3. The Scherzer quote, the Boswell article about what a crappy teammate he supposedly was, and FP talking about how "everyone I've talked to can't believe he turned down the Nats geeenerous offer".
It helped that it stretched this far into February, but everyone just got tired of it and the Nats made it really easy for their fans to hate him. But it just feels to me like a cover for the fact that they were never going to pay one of the most interesting and dynamic players in baseball.
He probably wanted to stay, but it doesn't really seem like he was ever given that chance and that sucks.
Come on. He had plenty of chances to stay and if he valued staying more than anything he would have worked it out. Since Day 1 he's had his eyes on a big free agent payday, sure he probably would have liked a legacy of staying with us forever but we coddled him every second of his Nats tenure and gave him literally everything he wanted every step of the way. Loyalty is a two-way street and the team, and fans, have done nothing but worship his existence since 2009.
And I call BS on "100 million" deferred. Don't believe everything reported around stuff like this. Both sides have had huge information campaigns to make the other look bad. You don't think Scott is telling reporters that Bryce "never wanted an opt-out"? Of course the team fed Boswell stuff but that's the business. Boras and Bryce have to go out here and try to win the PR battle and telling reporters that Bryce wanted to commit forever gets him an easy narrative change immediately. I would bet the Phillies just didn't want an opt-out and Bryce had to settle for this deal.

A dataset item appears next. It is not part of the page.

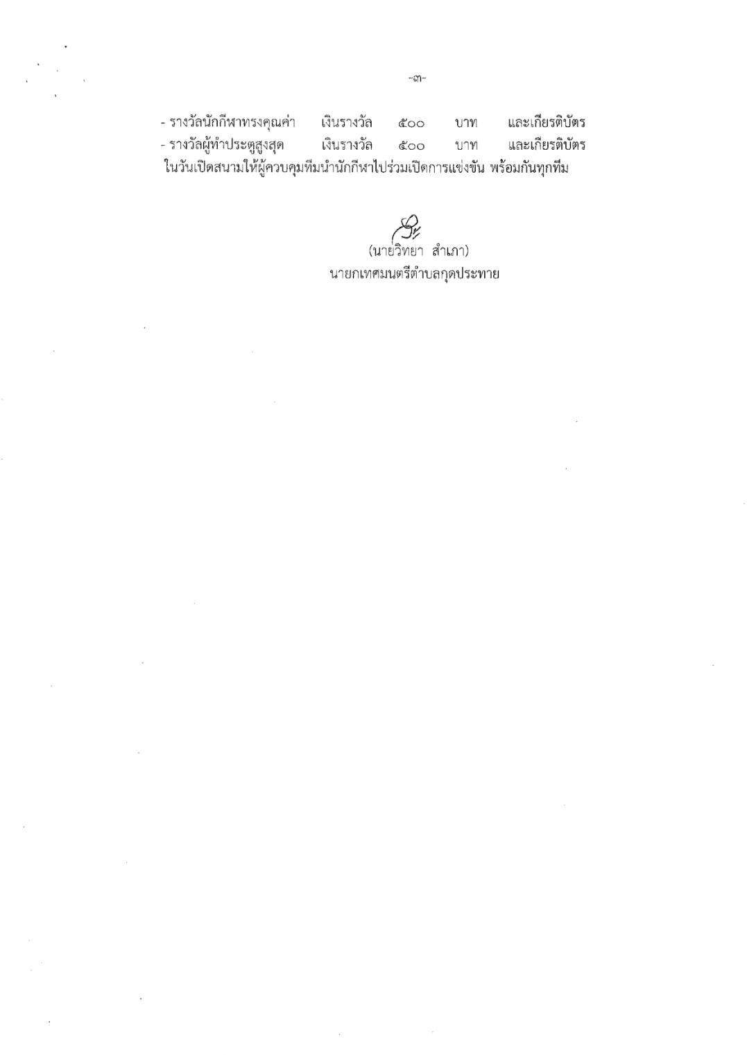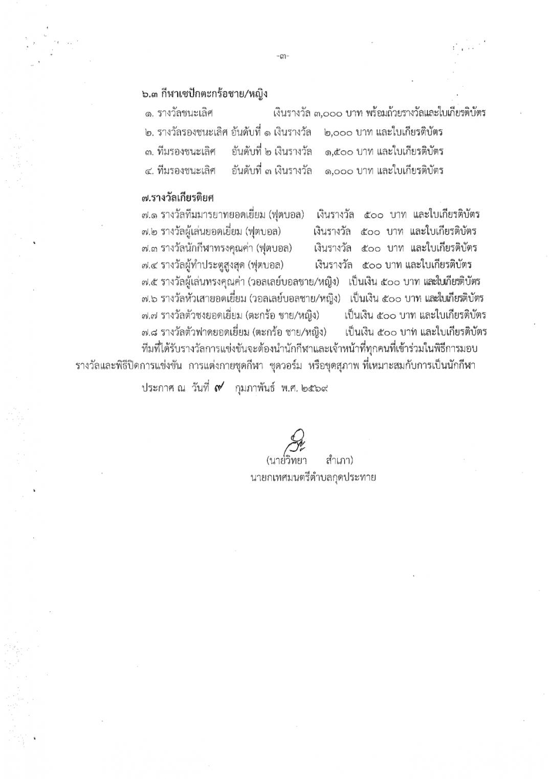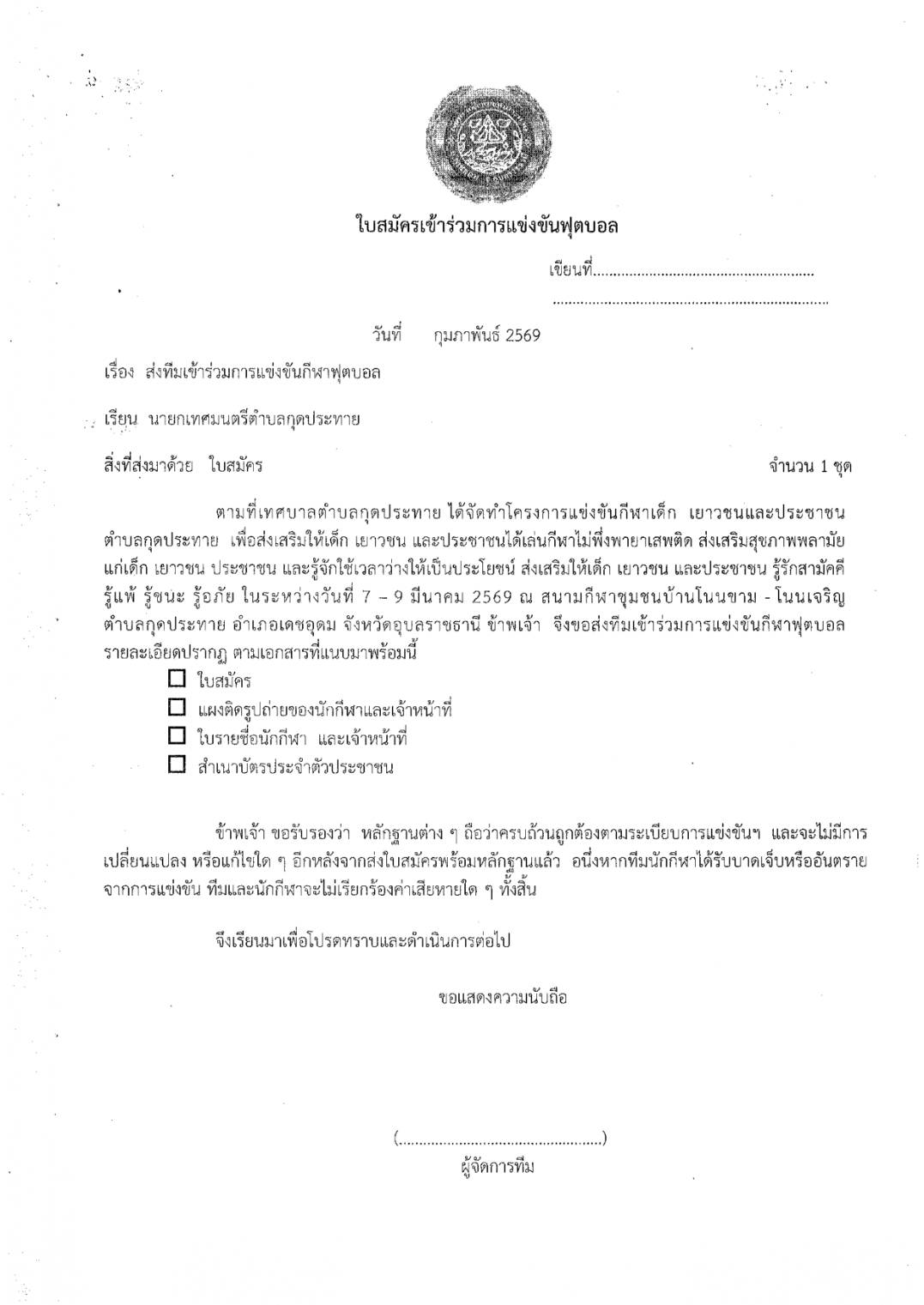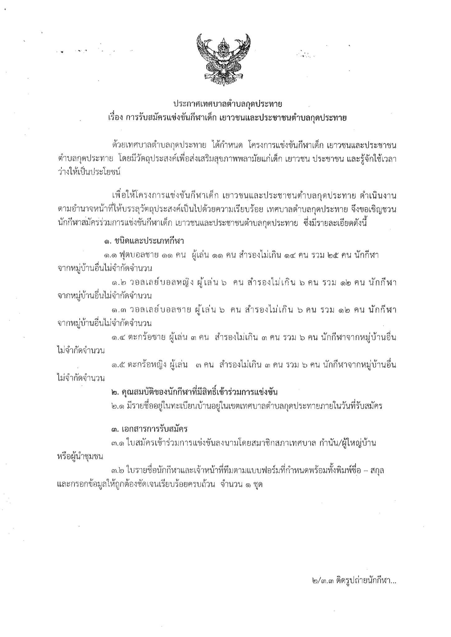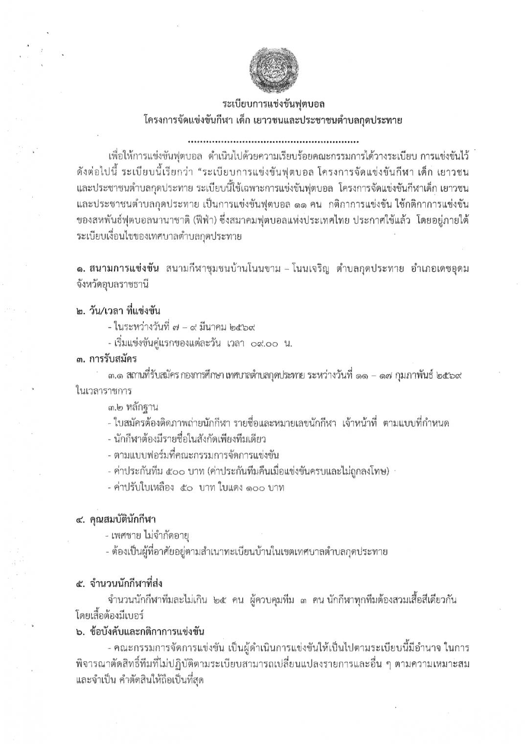 ประกาศเทศบาลตำบลกุดประทาย เรื่อง การรับสมัครแข่งขันกีฬาเด็ก เยาวชนและประชาชนตำบลกุดประทาย ประจำปี 2569 รับสมัครตั้งแต่วันที่ 11 - 17 กุมภาพันธ์ 2569 ในวันเวลาราชการ ณ กองการศึกษา เทศบาลตำบลกุดประทาย
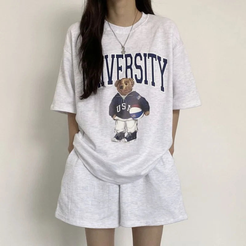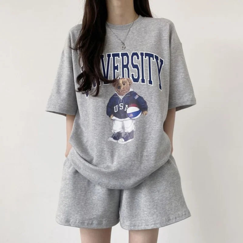 Zomerse Cotton Bear Short Set | Stijlvolle en Comfortabele Zomermode

Also, there were 28 other teams that didn't want to spend $300 million on Bryce Harper. The Dodgers wanted a short-term. The Giants probably flirted with it but only at the end, and I suspect they were not a real contender. The Phillies had to sign him as soon as they talked a big game and everyone knew it. 28 other teams decided not to pay him, either, you know, and we knew him best and STILL decided he wasn't worth it.